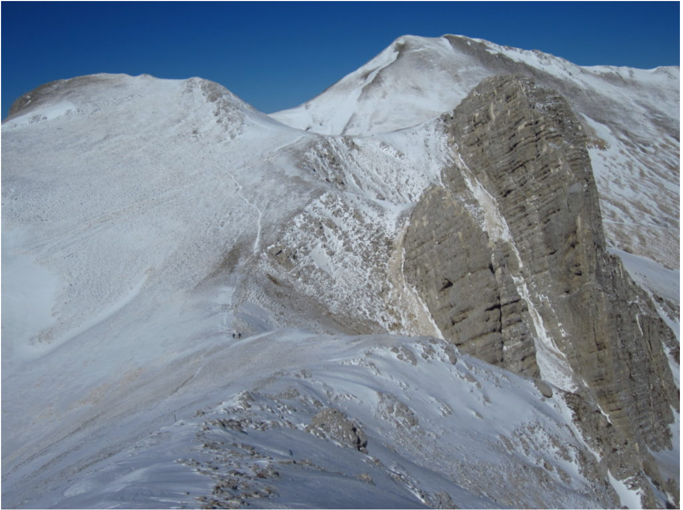
15- La cresta di discesa dal M. Argentella verso il M. Palazzo Borghese e i due scogli gemelli.
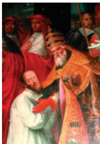
Le Pape reçoit saint François de Sales
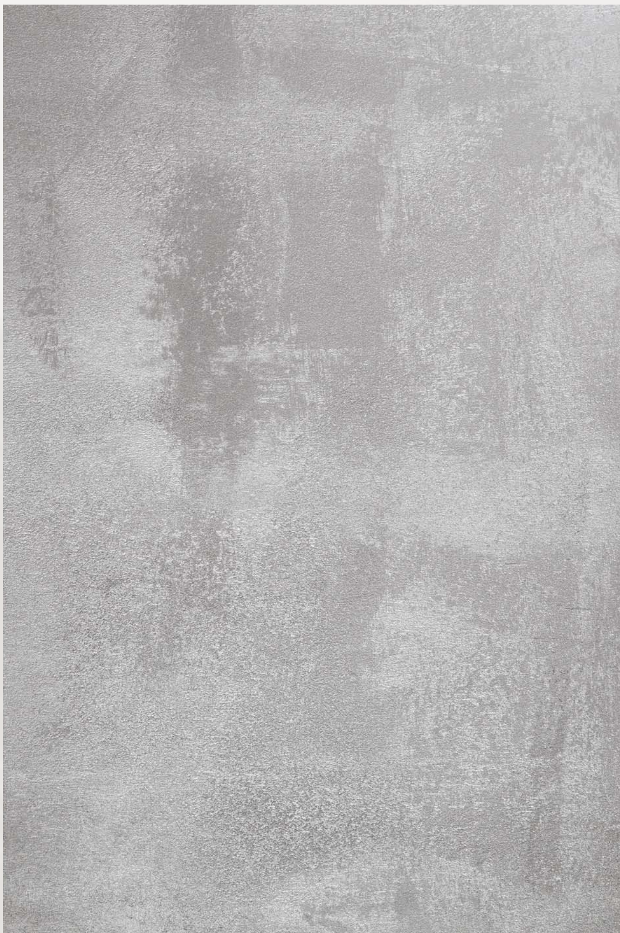
Animamundi AMS 429 effetto Metal Core

Le tonalità qui riprodotte, pur avvicinandosi a quelle di fornitura, sono indicative. Per una corretta lettura dei colori si raccomanda di consultare questa cartella alla luce solare. The colour shades herein reproduced are purely indicative, as small variations may occur. For a correct reading of the colors it is recommended to examine the catalogue under direct sunlight.
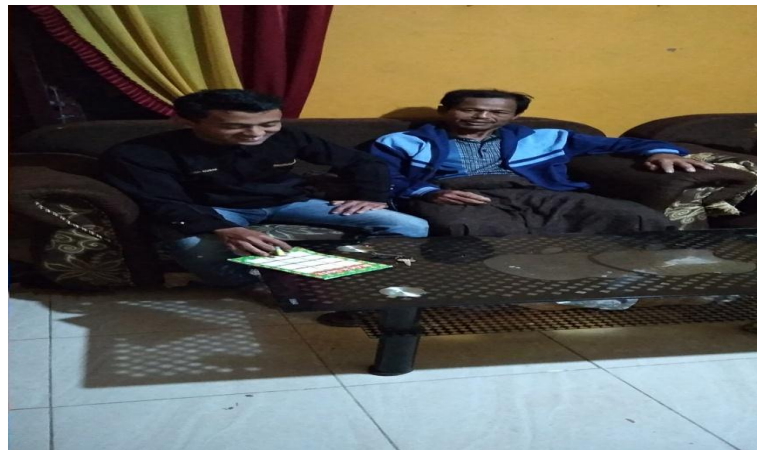
Wawancara dengan Alim Ulama Desa P. Kahombu
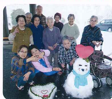
▲こんな感じの雪だるまが完成しました

2月14日(金)、雪景色を見に来た利用者さんと一緒に雪だるまを作りました。「雪ってこんなに冷たかったのね。」とこんなと降る雪にワクワクしておられました。バレンタインデーということもあり、雪だるまの頭にはハートを飾り、かわいらしい雪だるまが完成しました。
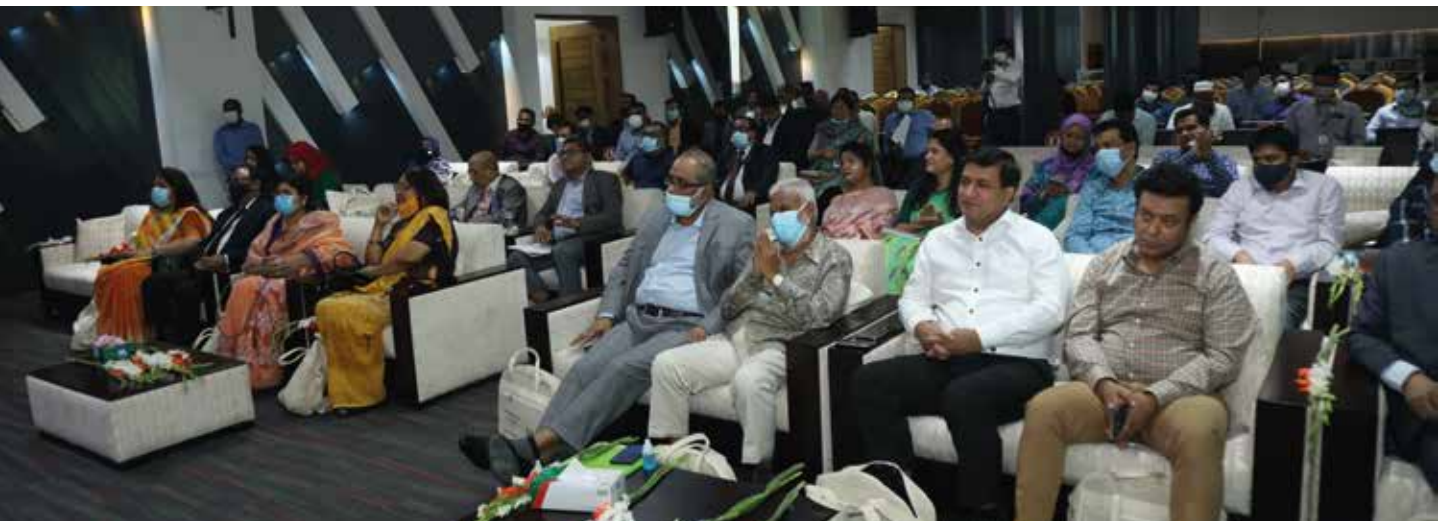
এসএমই ফাউন্ডেশনের ১৬তম বার্ষিক সাধারণ সভায় সাধারণ পর্যদ সদস্য ও অন্যান্য অতিথিবৃন্দ
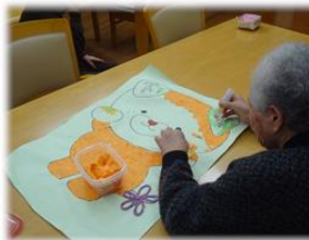
みきゃんのちぎり絵
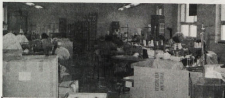
Komet ima svojo delovno enoto v Starem trgu. Stavba stoji na gričku, s katerega je lep razgled po dolini Kolpe. V notranjosti pa pridne roke deklet in žena šivajo nedrčke, steznike, steznik hlačke.
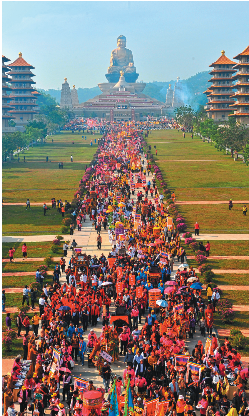
來自兩岸釋、儒、道三教共兩千餘尊神明、一千家宮廟、五百組陣頭到佛館聯誼，宛如一場「宗教聯合國」盛會！

來自各地的神明，暫奉於佛館近三小時後，下午在萬人照相台舉行「祈福法會」，由心保和尚引領萬眾唱念〈佛寶讚〉與星雲大師所撰〈為社會大眾祈願文〉；接續回鑾儀式，由佛光山法師授予「九品蓮花佛祖旗」，此時現場冲天炮、鞭炮聲不斷，來館拜佛的全數信眾、神轎、陣頭齊聚，還有三太子跳騎馬舞，神明聯誼會也在嘉年華般的熱鬧氛圍中圓滿。
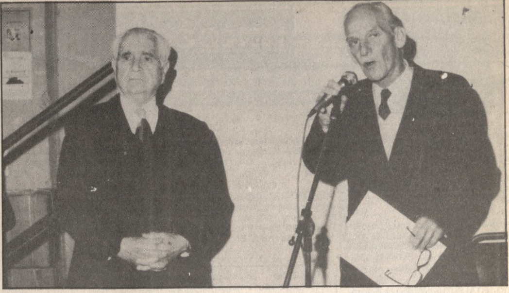
ΑΝΑΦΟΡΑ ΣΤΟ ΕΡΓΟ ΚΑΙ ΤΟΥΣ ΑΓΩΝΕΣ ΤΟΥ
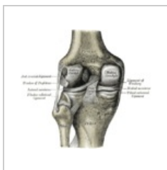
Kolenní kloub (pohled zepředu)

Kostěné spojení je dvojího druhu. Synostózy jsou pevné spoje dvou kostí, vzniklé na základě vaziva či chrupavky. Příkladem je křížová kost, kde najdeme srůst obratlů, které byly původně spojeny chrupavkou. Pokud jsou kosti jen ve vzájemném kontaktu a pouzdro je na obvodu styku kostí, mluvíme o kloubu (articulatio). Je to pohyblivé spojení. Příkladem je kloub loketní či kloub kolenní.
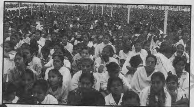
बड़ौदा में आयोजित अविस्मरणीय समारोह में आत्मानुभव को छुकर आनेवाली पूज्यश्री की दिव्य वाणी का आनंद मान करते हुए ४-४ लाख श्रद्धालुजन ।

REGISTERED WITH R.N.I UNDER NO. 48873-91 LICENSED TO POST W/O PRE PAYMENT AHMEDABAD POLICE NO. 207 REGD NO. GAMB.1132 BOMBAY BYCULLA POLICE NO. 1 REGD NO. MUMBAI
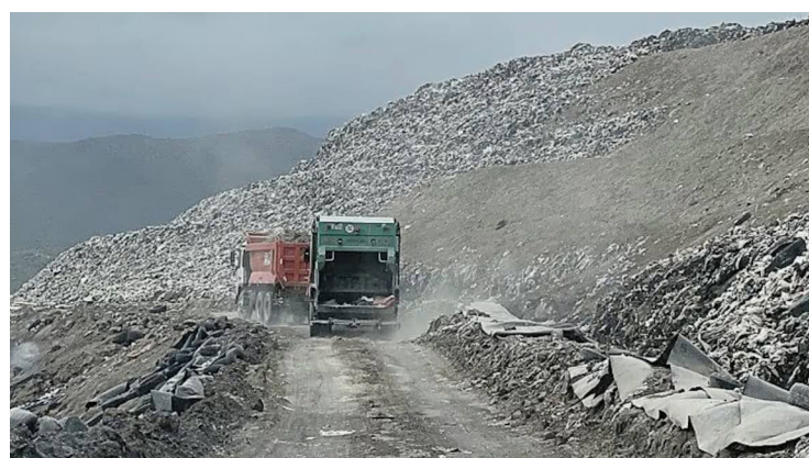
ACUMULACIÓN DE RESIDUOS Va en aumento cada año en la ciudad de Arequipa Pág. 7
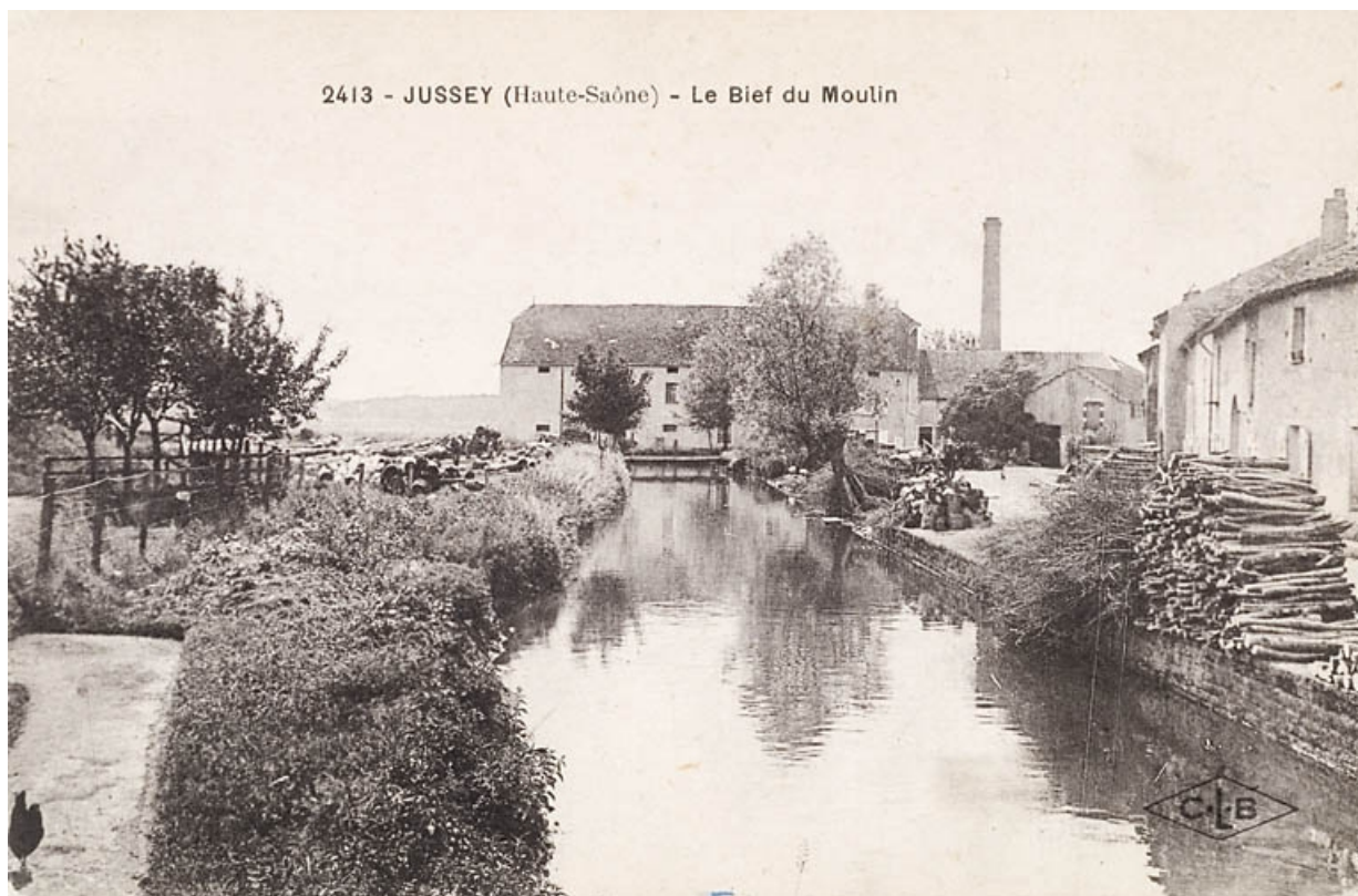
Jussey (Haute-Saône). - Le bief du Moulin.
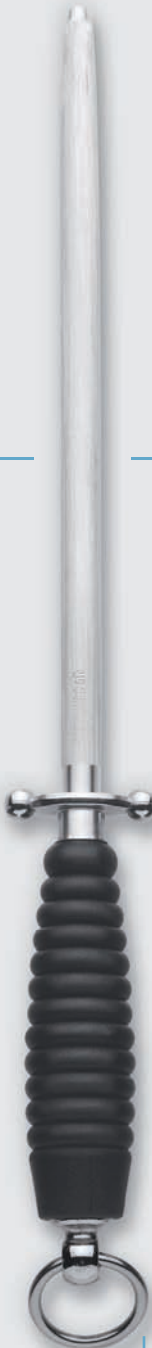
4470/26 cm (10") 4470/29 cm (11")
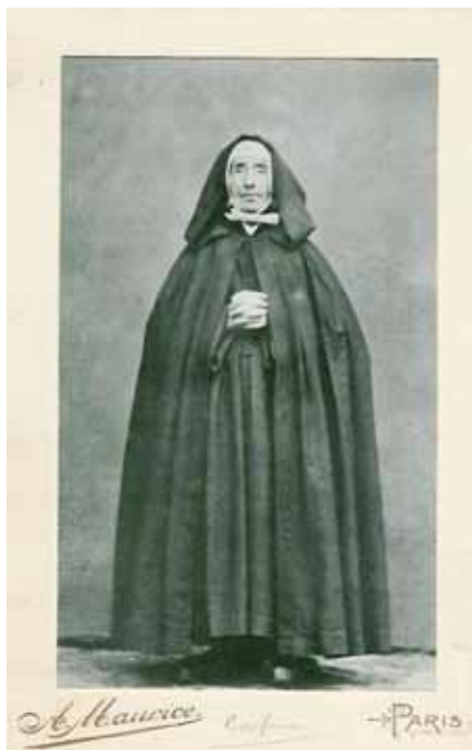
Dobová fotografie Jeanne Juganové

V dnešním evangeliu, v blahoslavenstvích, nám Ježíš připomíná, že všechny naše skutky, které konáme ve prospěch druhých, mají duchovní rozměr. My se podílíme na novém stvoření. Jsme svědky toho, jak je Boží království přítomné
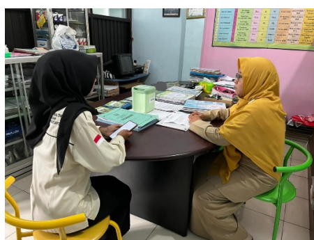
Gambar 2. Proses Wawancara
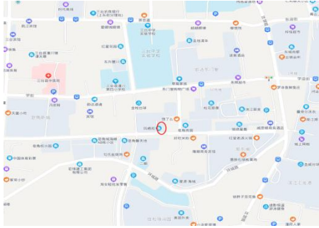
画圈处为估价对象所在位置
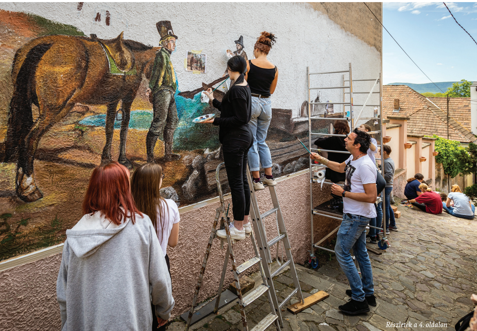
Részletek a 4. oldalon
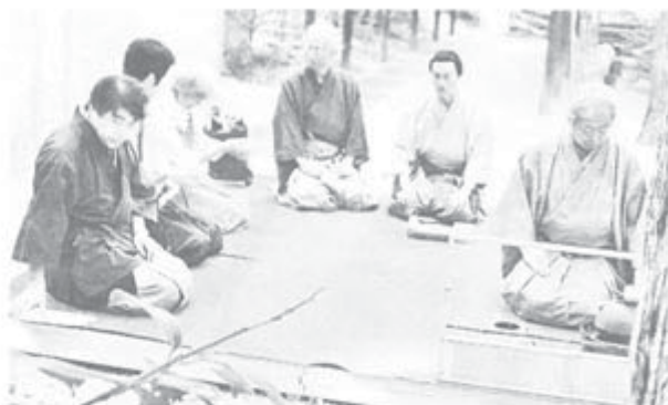
男性スタッフがすべて請負った野点席。茶会へ参加も多数あり、これからの活動が期待されます。大茶会は、10月に開催予定の「結成10周年記念講演会・交流会」の一環行事です。(佐藤征司)

その三。世の反動勢力と闘われれば強力な武器を手に入れることに気付こう。民主主義である。これは戦前には持っていなかった、持とうとした人は残らず犯罪者とされた自由である。いまわれわれはそれを持っている。反動勢力さえも、その中身はインチキながら自らを「自由民主党」「民主党」「みんなの党」などと標榜せざるを得ない、いまはそういう時代なのだ。自信を持とう。
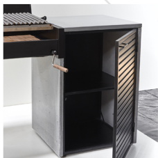
Repisas de Melamina Negra
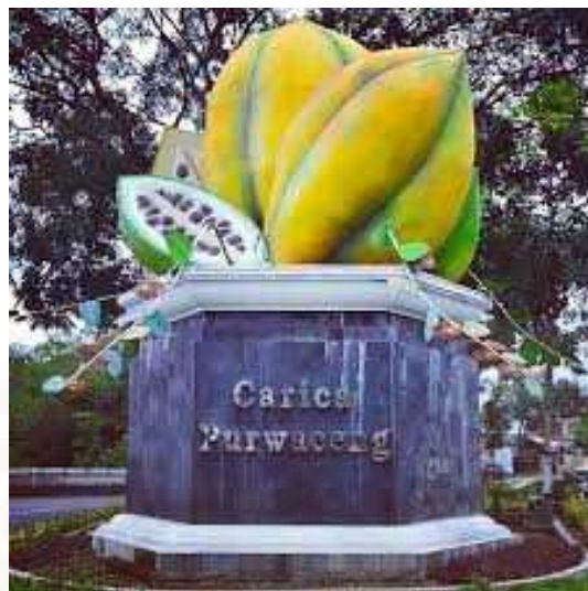
Gambar 4. Patung carica dan purwaceng yang merupakan ikon dari Kota Wonosobo 14

Dengan memanfaatkan potensi lokal yang ada di Wonosobo, dan dengan nama carica ini akan membawa pengaruh besar terhadap usaha yang di jalankan di industri batik carica lestari, sehingga motif dari batik khas Wonosobo inipun menggunakan motif carica dan purwaceng, tetapi batik yang banyak diminati oleh konsumen yaitu batik yang bermotif carica. Sebagaimana diutarakan oleh Ibu Alfiah sebagai berikut :
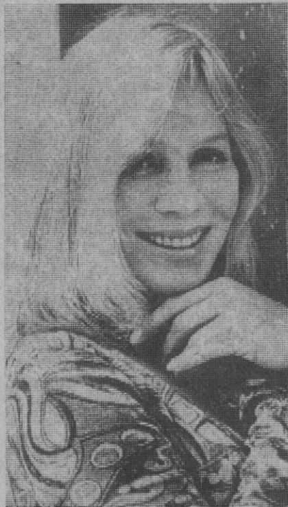
Una granjera. Ingrid Thulin. Odió vivir en una ciudad. Actriz que nunca ha sido una mujer hermosa, pero sí con un poderoso atractivo. Ahora, a sus 43 años, ha abandonado su preocupación por la belleza. Se ha comprado un castillo en Italia y su tarea es acondicionar y decorar sus 17 habitaciones.

Este año el Nobel de Literatura está dotado con 480.000 coronas suecas (6.934.982 pesetas).—Efe.
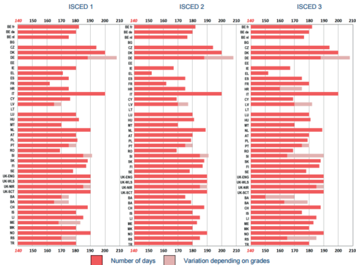
Figura 3: Número de días lectivos 2016/2017

En esta tabla se puede consultar el número de días lectivos en cada país por nivel educativo.
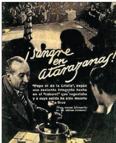
▶▶ Portada d'«El Escándalo».

Sang a les Drassanes (que es publica ara en català) va recollir el 1926 els seus articles sobre els baixos fons al setmanari El Escándalo . Madrid és un moralista que escriu dels «invertits» que exhibeixen pel carrer «les seves vergonyes, el seu impudor i el seu pecat». També una bona persona que detesta els «imbècils presumits» que se'n riuen de la bogeria de la Monyos. I un periodista modern que

※

Task description: Bring together all lines in the records where the word "yang" is found.

Task output:
Gambar 4. Patung carica dan purwaceng yang merupakan ikon dari Kota Wonosobo 14
Dengan memanfaatkan potensi lokal yang ada di Wonosobo, dan dengan nama carica ini akan membawa pengaruh besar terhadap usaha yang di jalankan di industri batik carica lestari, sehingga motif dari batik khas Wonosobo inipun menggunakan motif carica dan purwaceng, tetapi batik yang banyak diminati oleh konsumen yaitu batik yang bermotif carica. Sebagaimana diutarakan oleh Ibu Alfiah sebagai berikut :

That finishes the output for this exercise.